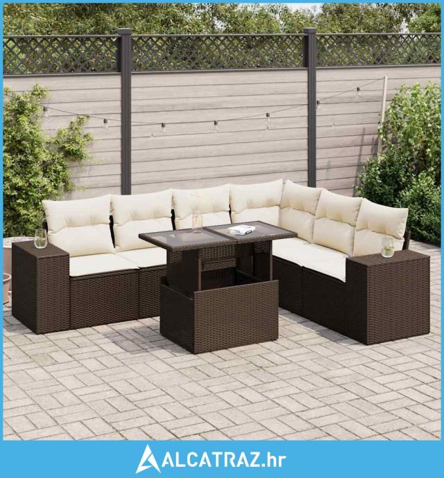 7-dijelni set vrtnih sofa od poliratana s jastucima smeđi - NOVO
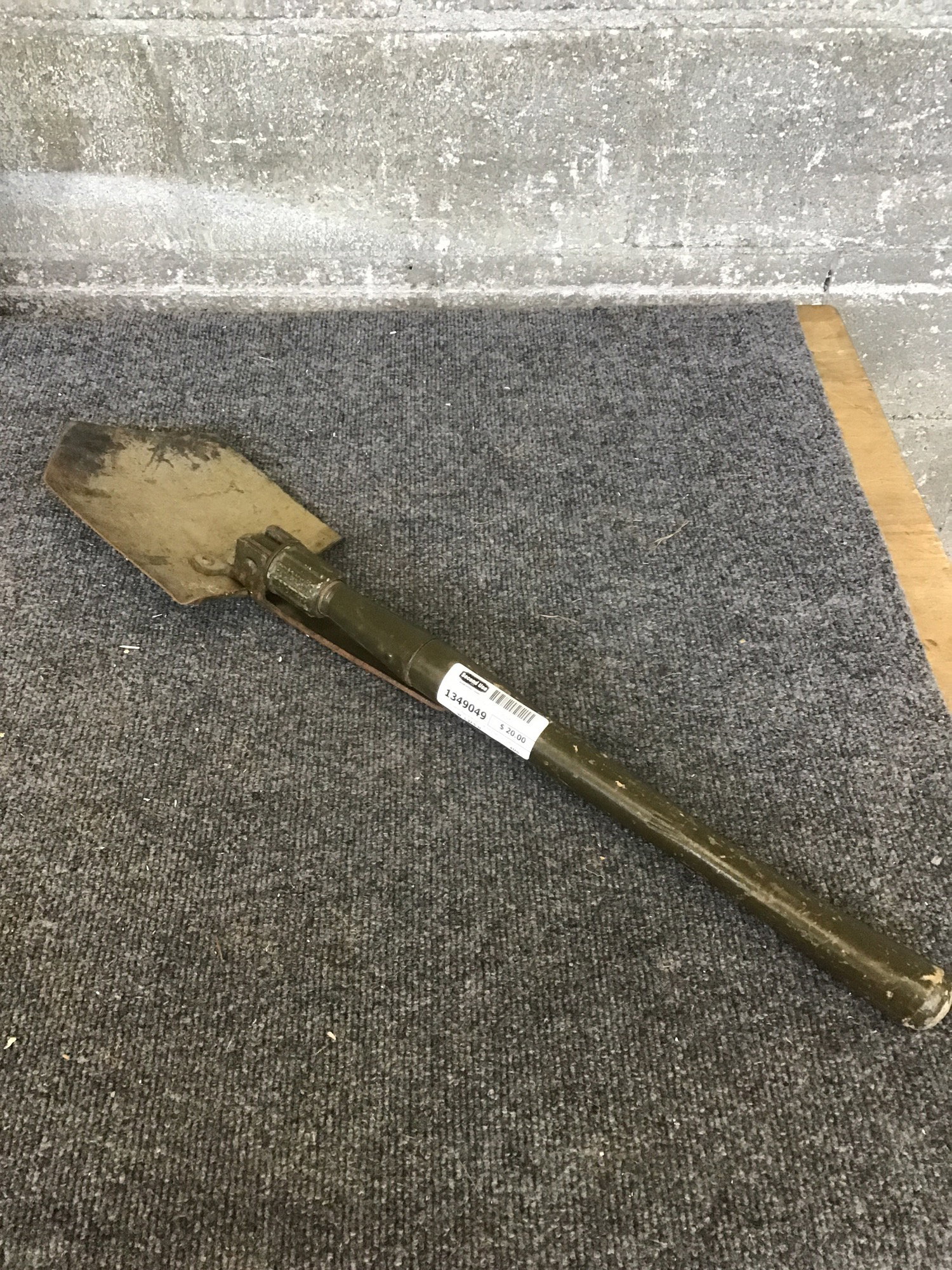 A trench digging shovel most likely used by military in a dull shade of army green. The shovel fold up an down nicely.
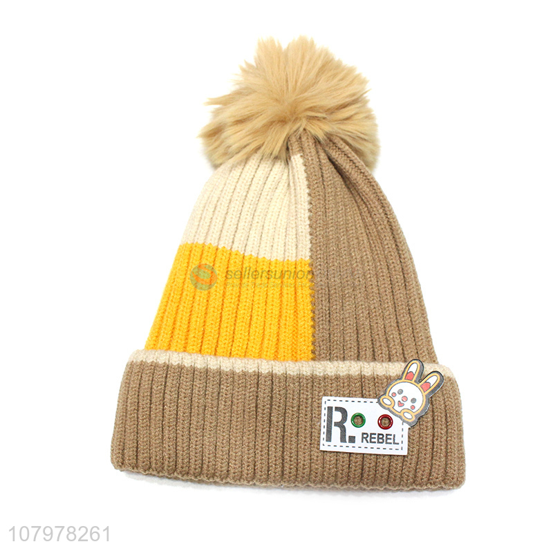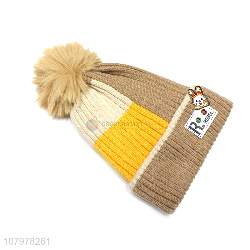 Online wholesale children winter warm pom pom beanie hat with fleece lining
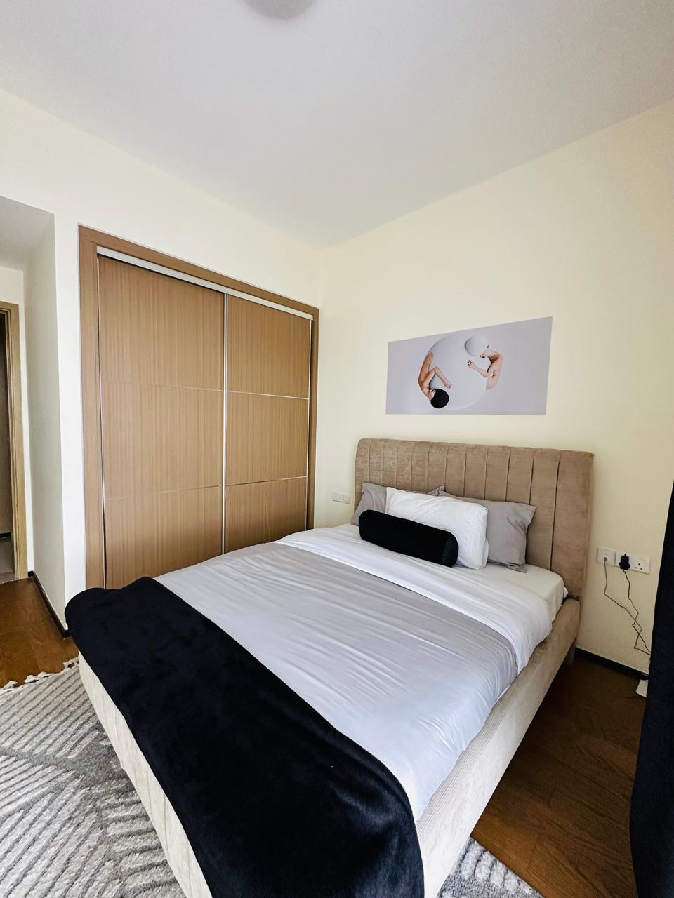 We offer 2 bedroom serviced apartments in the heart of westtlands at the GTC apartments block C. Our apartments come with amenities included like Gym, sauna, theater and mall access. The apartment is a 2 bedroom apartment all ensuite and has a bathroom for the guests. It overlooks the nairobi esxpressway and westlands.

☆ ☆ ☆ ☆ ☆

● **Problem to work on**
Reproduce the listing exactly. Do not include its images.

● **Problem solution**
 7-dijelni set vrtnih sofa od poliratana s jastucima smeđi - NOVO
 A trench digging shovel most likely used by military in a dull shade of army green. The shovel fold up an down nicely.
 Online wholesale children winter warm pom pom beanie hat with fleece lining
 We offer 2 bedroom serviced apartments in the heart of westtlands at the GTC apartments block C. Our apartments come with amenities included like Gym, sauna, theater and mall access. The apartment is a 2 bedroom apartment all ensuite and has a bathroom for the guests. It overlooks the nairobi esxpressway and westlands.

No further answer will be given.